U.S. cattle on feed inventories as of Dec. 1 were 10.8 million ahead, about the same as Dec. 1 of 2014. November placements were only 1.6 million, which was a record low but we need to see subsequent months to alter on-feed projections. Heavier carcass weights is expected to cause a sharp 300-million pound year-over-year increase in beef first quarter beef production followed by a similar increase in the second quarter. The contraction phase in the beef cycle is over and I’m expecting growing production levels through 2016 and into 2017.
The U.S. 2014 calf crop was 170,000 head larger than in 2013; I’m expecting the 2015 calf crop to be 0.7 million head larger than in 2014. This will be a significant change to the supply equation in the latter half of 2016 and into 2017 as market adjusts for greater feeder cattle placements. I’m forecasting 2017 beef production to reach upwards of 25.5 billion pounds.

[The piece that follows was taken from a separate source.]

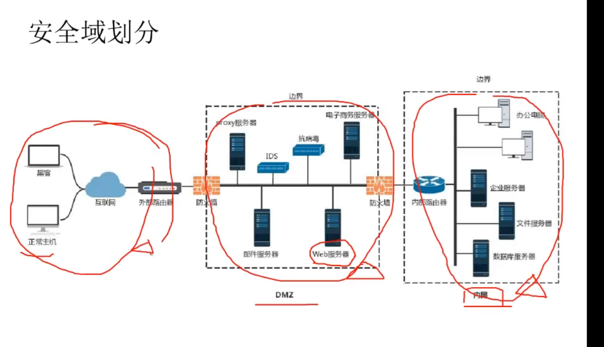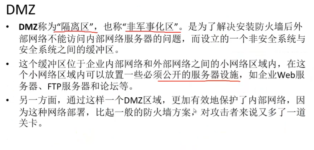 DMZ的作用就是缓冲的作用,外网无法直接访问内网,但是需要获取内网的资源,就通过外网访问DMZ,DMZ访问内网来获取,上图的网络安全等级可划分为三个层次,第一个层次是 外网,也是安全系数最低的,第二个层次就是DMZ区域,安全系数中等,第三个区域就是内网区域,安全系数最高。一般在DMZ区域定制访问策略。其实很多时候,我们通过网页打进内网,并不是实际意义上的内网,而是DMZ区域。

Canadian beef production for 2015 reached 959,177 mt, down three per cent from 2014. Exports to the U.S. of fresh and chilled beef cuts were up four per cent and latest data has total exports up one per cent. The recession in Canada took a toll on beef consumption in 2015, especially with the record-high prices. During 2016, we should see an increase in domestic consumption as retail prices come back closer to five-year average levels. Cattle on feed inventories in Alberta and Saskatchewan have been running two per cent above year-ago levels and this trend will likely continue due to lower feeder cattle exports to the U.S.
Beef demand remains a large uncertainty for 2016 as the economic environment continues to erode in Canada and stagnate in the U.S. In early January, many grocers were featuring ground beef 30 per cent off regular price while other higher-end steaks were as much as 50 per cent off. January and February are periods of seasonal low food expenditures but the decrease in retail beef prices may help sustain wholesale and fed cattle prices. The U.S. economy is vulnerable to slower growth in China and this uncertainty is not over. China may experience a period of slow or negative growth after years of double-digit expansion. U.S. per capita beef consumption needs to rise to absorb the larger supplies, but this will only occur through lower retail and restaurant prices compared to 2015.
The Canadian dollar continues to deteriorate, dipping to 13-year lows in mid January. There appears to be no end to the recessionary environment in Canada with historically low commodity prices, mainly crude oil and metals. Unemployment in the private sector continues to grow and governments run larger than projected deficits in 2016. The low Canadian dollar will continue to support fed and feeder cattle prices through 2016.
The ability of feedlots to lock in a profitable margin for the spring period caused a recovery in the feeder cattle market in January. I’m expecting Canadian fed cattle prices to remain relatively flat during the first quarter and slightly weaker in the second quarter. Feedlots experienced significant equity erosion in the final quarter of 2015 so the recovery in fed cattle prices was a bright New Year’s gift. Further upside in the feeder market would cause feedlot margins to drop back into negative territory. I encourage cow-calf producers to be realistic with their price expectations. This recent recovery is not a return to the historical highs but an adjustment in line with the fed cattle market. The larger U.S. calf crop along with soft margins in the feedlot sector will limit further upside.